# Wood carving



## skropi (Mar 22, 2018)

I got a mora companion today, my first blade ever and after trying my hand in wood carving with an unsuitable blade that was laying around, I am simply amazed at how important a good blade is!
I whittle down wood very fast, and I actually have to be careful not to take out much material! 
The purpose of carving is making slingshots of course, but I can't help dreaming of carving something else entirely, just for the joy of carving wood! 
Through slingshots, I discovered that I absolutely love working with knives, and carving! 
My next step would be to get the dedicated wood carving mora knife of course! 
I would also like to ask if there are any wood carving tasks suitable for a complete amateur like me.


----------



## Tag (Jun 11, 2014)

Looking forward to seeing your craftsmanship.
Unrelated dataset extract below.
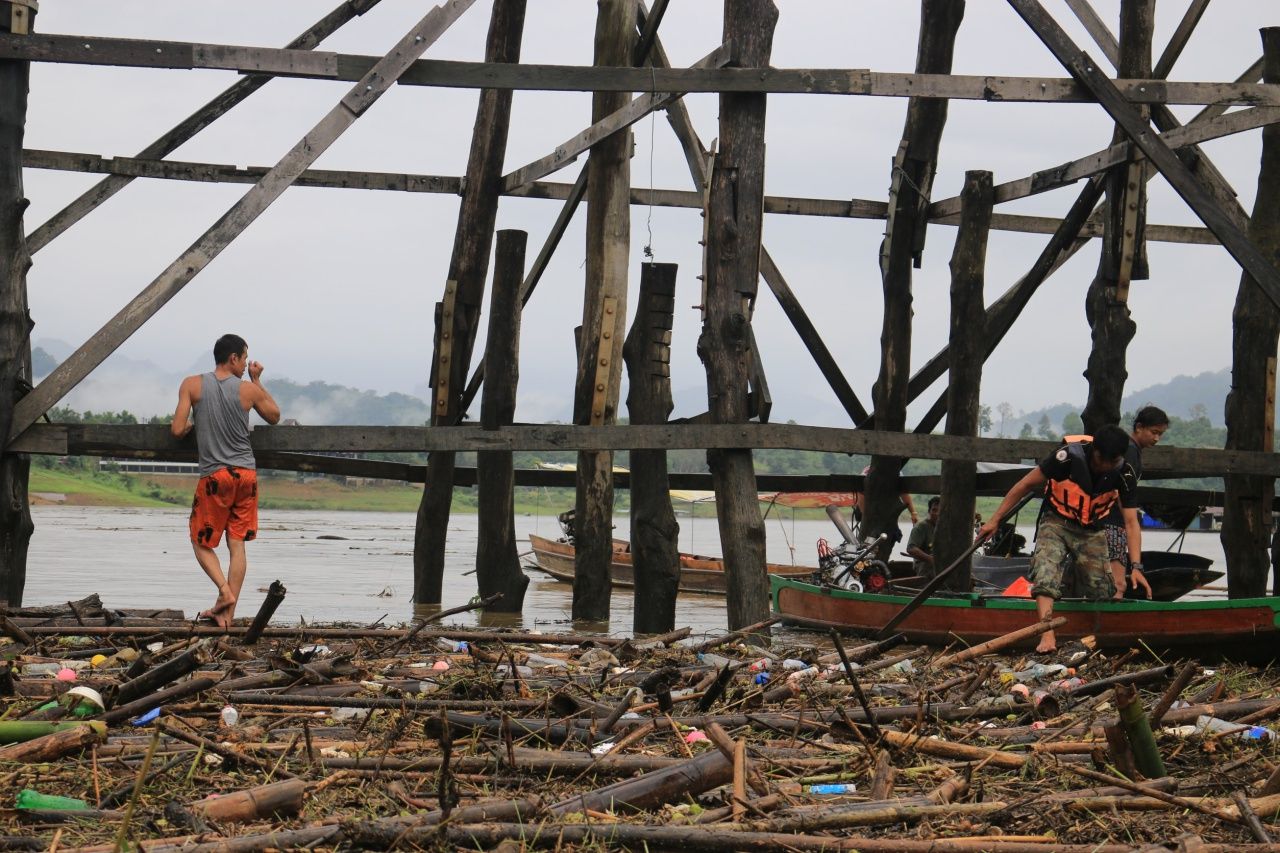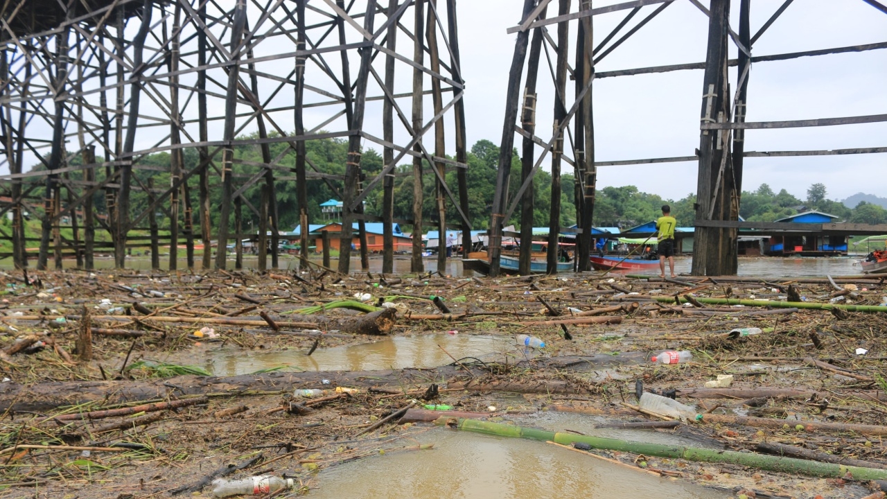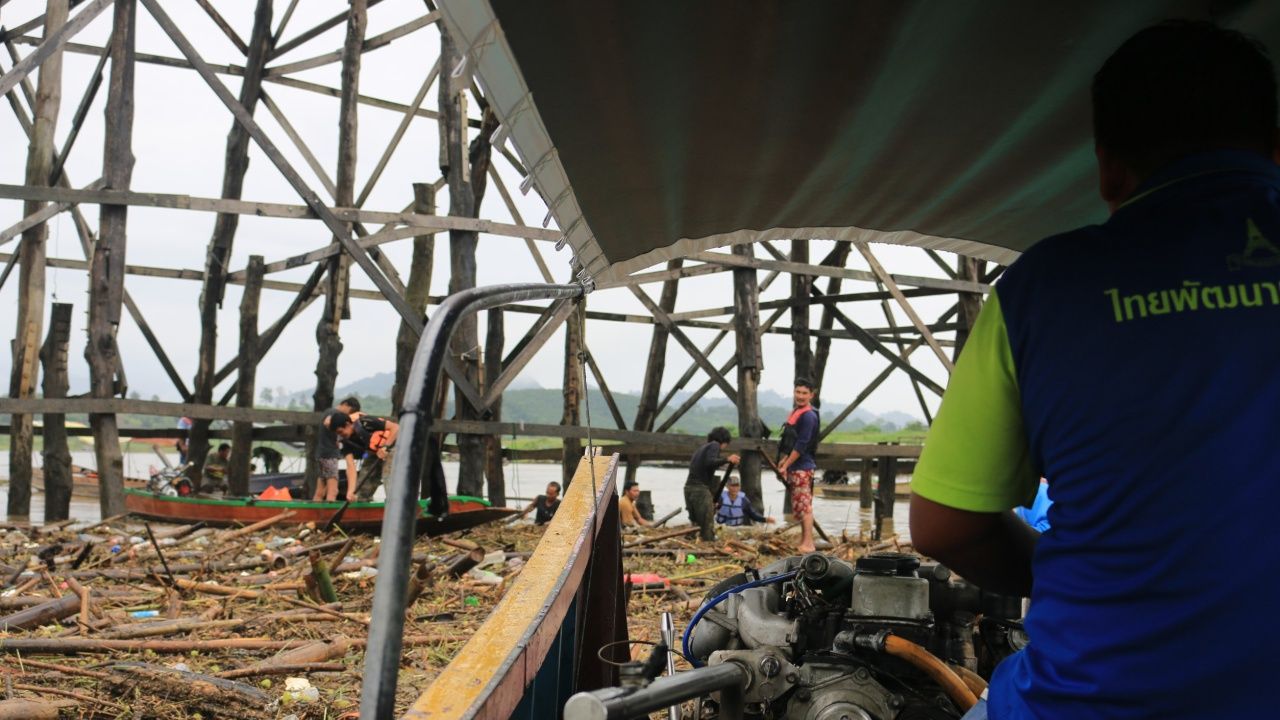 ชายแดนตะวันตก อ.สังขละบุรี ฝนตกติดต่อกัน 10 วัน น้ำป่าทะลักลงแม่น้ำซองกาเรียสีขุ่นข้น ชาวบ้านกลัวสะพานไม้มอญ ‘อุตตมานุสรณ์’ พัง ระดมเก็บขยะ เศษไม้ที่ไหลลอยมาติดตอม่อสะพาน เผยครบ 4 ปี สะพานพังพอดี....

I had a friend that carved walking canes and gave them to friends and family.


----------



## M Mars (Jul 22, 2019)

Pictures of the knife please...


----------



## skropi (Mar 22, 2018)

I forgot to add pics, sorry!


----------



## skropi (Mar 22, 2018)

Another one!


----------



## Grandpa Grumpy (Apr 21, 2013)

Skropi

Here in the U.S. almost every good sized town has a group of wood carvers. They are as enthusiastic about their hobby as we are about slingshots. Maybe there is something similar where you are.

There are quite a few folks that carve designs and figures on slingshots. Maybe one of them will see this post and give you some pointers.

I think almost all beginning carvers attempt a tree spirit as one of their first carvings.

YouTube is friend.


----------



## skropi (Mar 22, 2018)

Tag said:


> Looking forward to seeing your craftsmanship. I had a friend that carved walking canes and gave them to friends and family.


I don't believe I will become decent at wood carving anytime soon.... I'm now at the process of carving a simple frame, but carving the intricate designs I see online seems very hard!


----------



## SJAaz (Apr 30, 2019)

I have a friend that carves bark. It is soft and forgiving to beginners.


----------



## M Mars (Jul 22, 2019)

skropi said:


> Tag said:
> 
> 
> > Looking forward to seeing your craftsmanship. I had a friend that carved walking canes and gave them to friends and family.
> ...


Takes years of practice for sure. Similar to carving leather. I have been thinking of ways to incorporate leather into a design.
Wood burning is cool too. Have you thought about that?


----------



## mattwalt (Jan 5, 2017)

The Companion is a nice blade - I have the heavy duty one.

As to what to carve... spoons, canes, frames, bookshelf... almost anything. Great thing is no matter what you make it'll be unique


----------



## skropi (Mar 22, 2018)

M Mars said:


> skropi said:
> 
> 
> > Tag said:
> ...


Wood burning? I am not sure what that is, but I am going to check it up now!


----------



## M Mars (Jul 22, 2019)

Wood burning is very cool indeed.


----------



## Ordo (Feb 11, 2018)

Here's something that you will need for certain: a quality water stone.


----------



## M Mars (Jul 22, 2019)

Ordo said:


> Here's something that you will need for certain: a quality water stone.


Yes many good stones out there today including water and oil but for the harder steals out there, diamond is nice.
Spyderco Sharpmaker is a good start.


----------



## SLING-N-SHOT (Jun 5, 2018)

skropi said:


> Another one!


You cannot go wrong with a Mora for carving, great choice....I have several, including some of the dedicated carvers

Sent from my iPhone using Tapatalk


----------



## M Mars (Jul 22, 2019)

SLING-N-SHOT said:


> skropi said:
> 
> 
> > Another one!
> ...


So is mora a type of blade or a brand?


----------



## SLING-N-SHOT (Jun 5, 2018)

M Mars said:


> Wood burning is very cool indeed.


Agreed, wood burning is fun, but to do good quality work, you need a professional burner. I have an Optima dual pen unit from PJL Enterprises that I used extensively for the 13 yrs I made flutes, which was over 10 years ago, and it's still going strong

Sent from my iPhone using Tapatalk


----------



## SLING-N-SHOT (Jun 5, 2018)

M Mars said:


> Another one!


You cannot go wrong with a Mora for carving, great choice....I have several, including some of the dedicated carvers
Sent from my iPhone using Tapatalk[/quote]
So is mora a type of blade or a brand?[/quote

Brand.....been made in Sweden for 125 years.....since 1891.fantastic knives

Sent from my iPhone using Tapatalk


----------



## SJAaz (Apr 30, 2019)

Hey that is a good looking knife. Looks like about 3 1/2 inch drop point. Very good design, will last for a lifetime if you take care of it. I have a Swedish knife that I bought when I was 15. Still going strong 60 years later.


----------